April 3, 2026
SAPPE

RDC : trente et un ans après, Stervos Niarcos demeure une icône vivante de la Sape à Kinshasa

Mardi 10 février, des dizaines de sapeurs se sont réunis à Kinshasa pour honorer la mémoire d’Adrien Mombele N’gantshie, plus connu sous le nom de Stervos Niarcos. Disparu il y a 31 ans jour pour jour, celui que beaucoup surnomment le « pape de la Sape » continue d’inspirer des générations entières d’adeptes de l’élégance congolaise.

Sur un grand boulevard du centre-ville, chapeaux raffinés, costumes éclatants et accessoires soigneusement choisis, les sapeurs ont d’abord paradé avant de se recueillir au cimetière de la Gombe, où repose leur idole. « Il est le père spirituel de tous les sapeurs, au Congo et au-delà », confie Djika Ziana, veste impeccable et sac en cuir à la main. Pour lui comme pour beaucoup d’autres, la Sape dépasse largement la simple apparence : « c’est un art de vivre ».

Des codes, une philosophie

Parmi les présents, Mathy Kass Adbe Chou, l’une des rares femmes sapeuses venues rendre hommage, rappelle les règles fondamentales de ce mouvement né entre Kinshasa et Brazzaville : propreté irréprochable, parfum soigné, marques de prestige et harmonie des couleurs, jamais plus de trois à la fois. « Bien s’habiller, c’est se faire respecter, être visible et parfois ouvrir des portes professionnelles », explique-t-elle.
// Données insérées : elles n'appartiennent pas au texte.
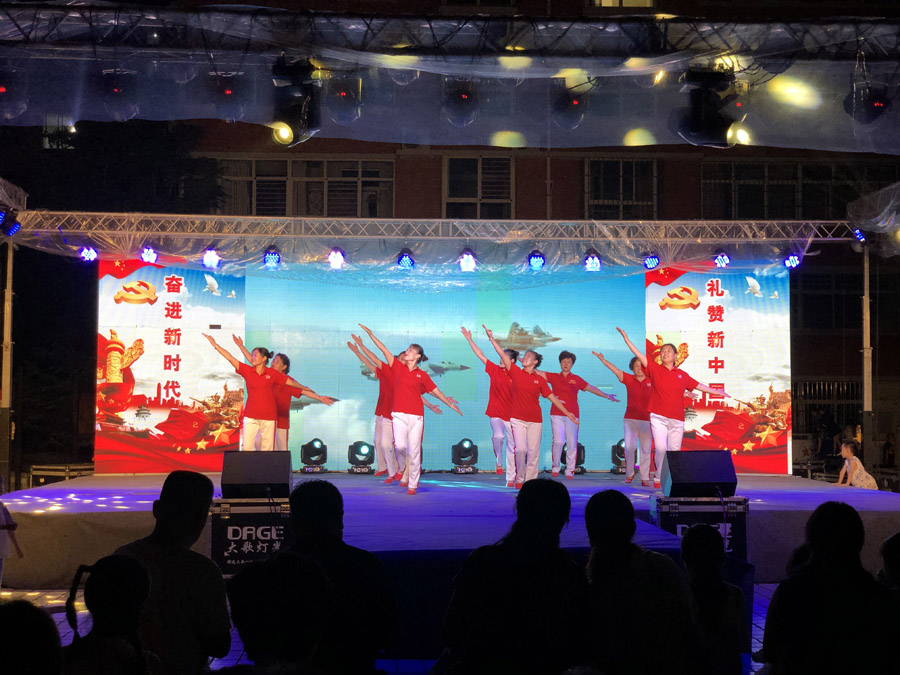 晚会现场,社区居民将“奋进新时代、礼赞新中国”录入舞台背景荧幕,庄重的红旗和喜庆的红色大字,为舞台增添了喜悦气氛。伴随着舞蹈《俺们会跳花鼓灯》的开始,晚会正式拉开帷幕。广场舞《三大纪律八项注意》跳出了居民积极向上的精神风貌;快板《夸社区》用朗朗上口的押韵语句,将社区的新变化、新风尚融入其中,表现出居民对社区的热爱,也鼓励了在场居民为社区服务;眉户表演《十二把镰刀》《刘春兰》《村官》受到戏曲爱好者的喜爱。
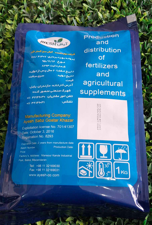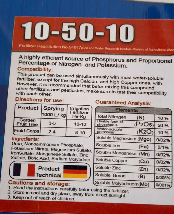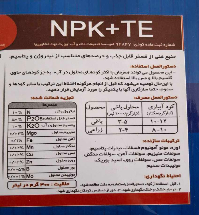 کود آبیاری (کیلوگرم/هکتار)محلول پاشی (کیلوگرم / 1000 لیتر)محصول10-122-5باغی8-122-4زراعی

Fondée sur la « religion ya Kitendi » – le culte du vêtement –, popularisée par la chanson éponyme sortie en 1989, la Sape a trouvé en Stervos Niarcos l’un de ses prophètes les plus flamboyants.

Une figure au croisement de la mode et de la musique

Icône culturelle des années 1980, Niarcos s’est imposé à une époque où musique et esthétique vestimentaire se répondaient. Né le 31 mai 1952 à Léopoldville, dans une famille influente, il découvre très tôt l’Europe et développe une fascination pour la haute couture. Installé à Paris à partir de 1977, il mène une vie fastueuse qui nourrit le mythe, entre défilés improvisés, nuits parisiennes et rencontres artistiques.

Il croise alors la route de grandes figures de la rumba congolaise comme Papa Wemba, Bozi Boziana, Kester Emeneya ou encore Antoine Evoloko. Auteur-compositeur, il signe plusieurs titres interprétés par ces artistes et collabore notamment avec Papa Wemba sur l’album Champs-Élysées en 1984.

Une légende toujours vivante

Trois décennies après sa disparition, Stervos Niarcos reste une référence incontournable. Son influence perdure dans les défilés improvisés des sapeurs, dans les codes de l’élégance congolaise et dans l’imaginaire collectif d’une jeunesse qui voit dans la Sape une affirmation de dignité, de créativité et de liberté.

À Kinshasa comme ailleurs, son héritage continue de défier le temps, prouvant que le style, lorsqu’il devient culture, ne meurt jamais.